At X, we should expect the exodus shocks to continue. Mastodon and Bluesky offer alternatives of a sort, though both are designed to grow slowly and ship new features even slower.
That leaves Threads with as big an opportunity as it has ever had. It also leaves the Threads team at a crossroads.
One path would be to heed to advice of its noisiest users. Give them their trending topics, their hashtags, and their improved search features. Add lists to help users monitor the news from vetted sources. Build Tweetdeck-like functionality, or even a standalone desktop app, to let pro users monitor topics in real time.
Another path would be to continue in the direction of “TikTok, but for text.” Focus less on news and more on whatever seems to be driving engagement. Double down on the ranked feed. Add Reels. Insert more celebrity content. Invent strange and inspiring new creative tools. Cater to real-life friends and give them tools for messaging.
In its public statements, Meta has seemed much more interested in the second path. Threads chief Adam Mosseri has played down the role of news in the app, though not nearly as harshly as some of his critics have suggested. After years of over-promising the industry, Meta has been gradually divorcing itself from the news business. With publishers currently shaking the company down in several countries in an effort to get Meta to pay them simply for letting users post links, Meta has many reasons not to court journalists too aggressively.
At the same time, the stated vision for Threads to date has been undeniably generic: an “open, friendly place for public conversations, particularly focused on creators,” is what Mosseri told me in July when it launched. The idea seemed to be to replicate Instagram in text, with a bunch of fresh-faced Gen Z posters populating the feed with Amazon their hauls, makeup tutorials, and life hacks. When early critics of the app dismissed it as an empty suburban shopping mall, this is what they were talking about.

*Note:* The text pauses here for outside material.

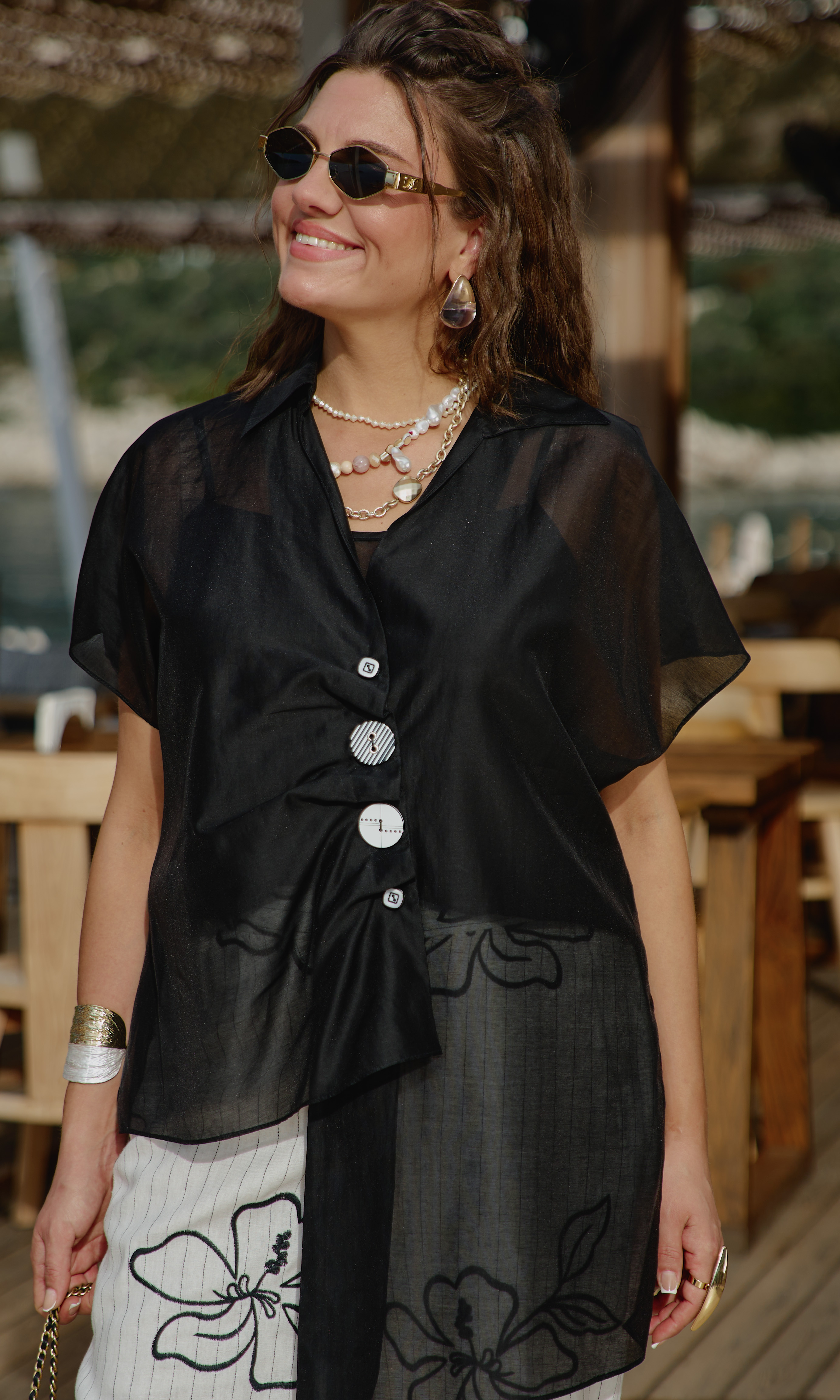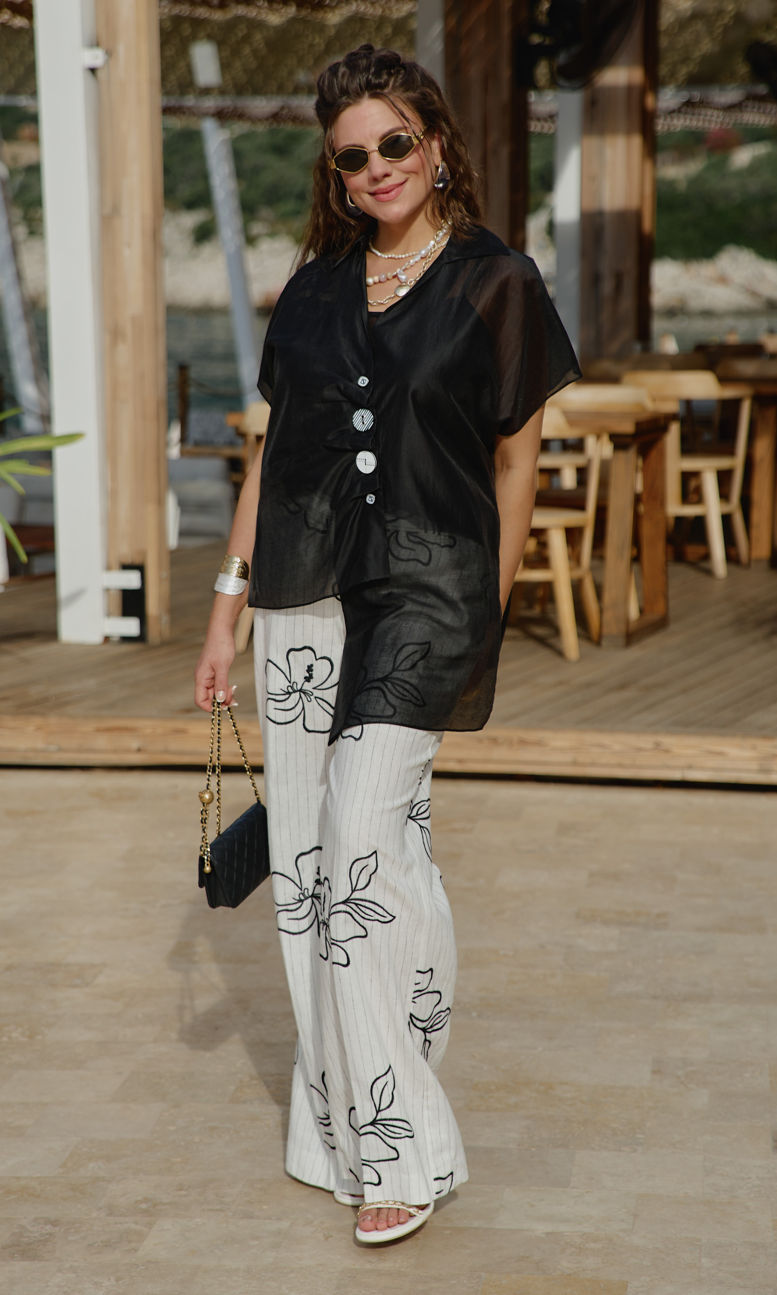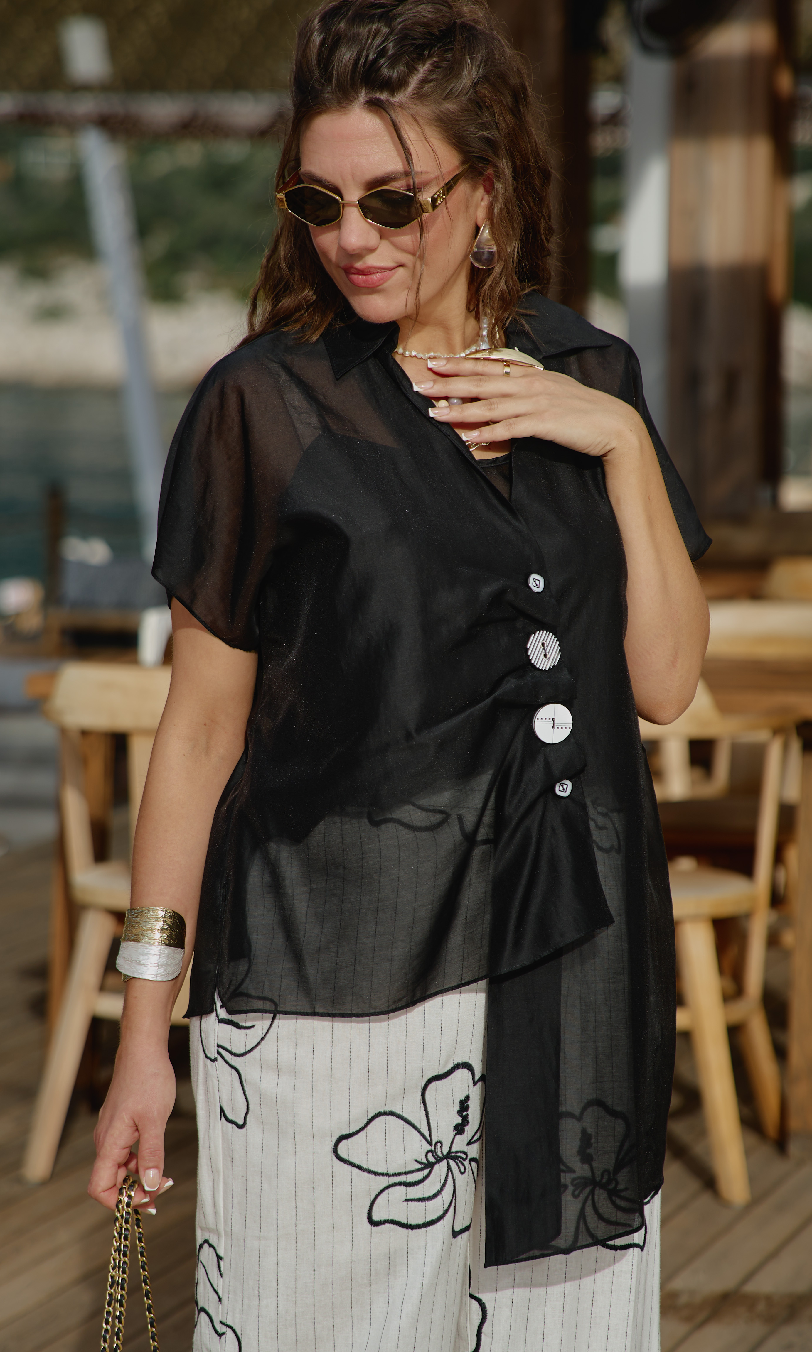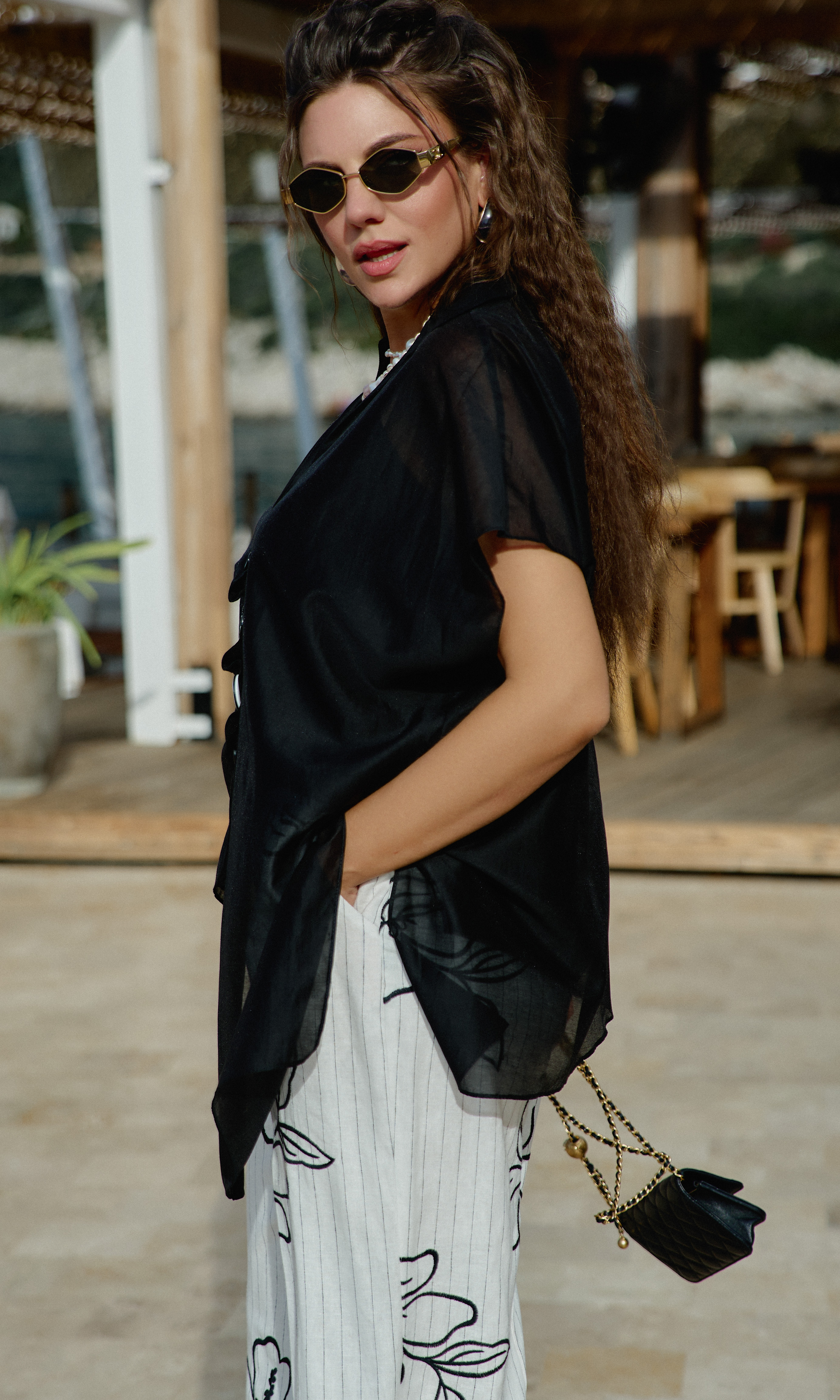 Состав: блузка 83% вискоза, 17% полиэстер, блуза 83% вискоза, 17% полиэстер, брюки 55% лён, 45% вискоза, подкладка 100% вискоза. Комплект женский трёх-предметный, состоящий из блузки, блузы и брюк. Блузка свободного силуэта с ассиметричной линией борта с заложенными складками, имитацией застёжки на декоративные пуговицы. Горловина в блузке с отложным воротником со стойкой. Рукав в блузке цельнокроеный. Спинка с отрезной кокеткой. Низ в блузке ассиметричный с разрезами в боковых швах. Блуза прямого силуэта на регулируемых бретелях со вставкой эластичной тесьмы-резинке по спинке. В боковых швах от низа разрезы. Брюки прямого силуэта, с притачным поясом со вставкой эластичной тесьмы-резинки в бочках, застёжкой на тесьму-молнию в гульфике и пуговицу в поясе. В боковых швах брюк прорезные карманы. Черные полоски плавно в сочетании с цветочными узорами добавляют в комплект легкость и игривость, превращая его в настоящее произведение искусства. Брюки на подкладке. Обращаем Ваше внимание, что фурнитура может незначительно отличаться от фото. Длина блузы спинки от плеча 69 см(р.52-56), 72 см (р.58-60). Длина переда правого 70 см (р.52-56), 73 см (р.58-62). Длина переда левого 84 см (р.52-56), 87 см (р.58-62). Блузка (топ) 43 см (р.52-56), 45 см (р.58-62). Длина брюки по боковому шву 108 см.

For all of the risks of making real-time news a pillar of Threads, it does have this singular benefit: giving the app an enduring, defensible, existential purpose. One of the hardest things to do in consumer app development is finding reasons for the user base to keep coming back every day. “See what’s happening in the world” turns out to be a really, really good reason. And whatever criticisms you might level at the features users are begging for — has there ever been a good trending topics tab in any app?— all of them are undeniably in the service of making Threads more engaging than it is today.
Maybe it’s possible to grow Threads to a billion users while still keeping the news at a polite distance. At the moment, though, it’s not clear what else might bring Meta the growth that leaning into news would bring.
In the end, it was the users who decided what Twitter was for, inventing the hashtags and retweets and (lower-case) threads that they needed to create the product they wanted. Over the weekend, it sure feels like a lot of people decided what Threads was for, too. The question now is whether Meta will listen to them.
— Zoë Schiffer contributed to this report.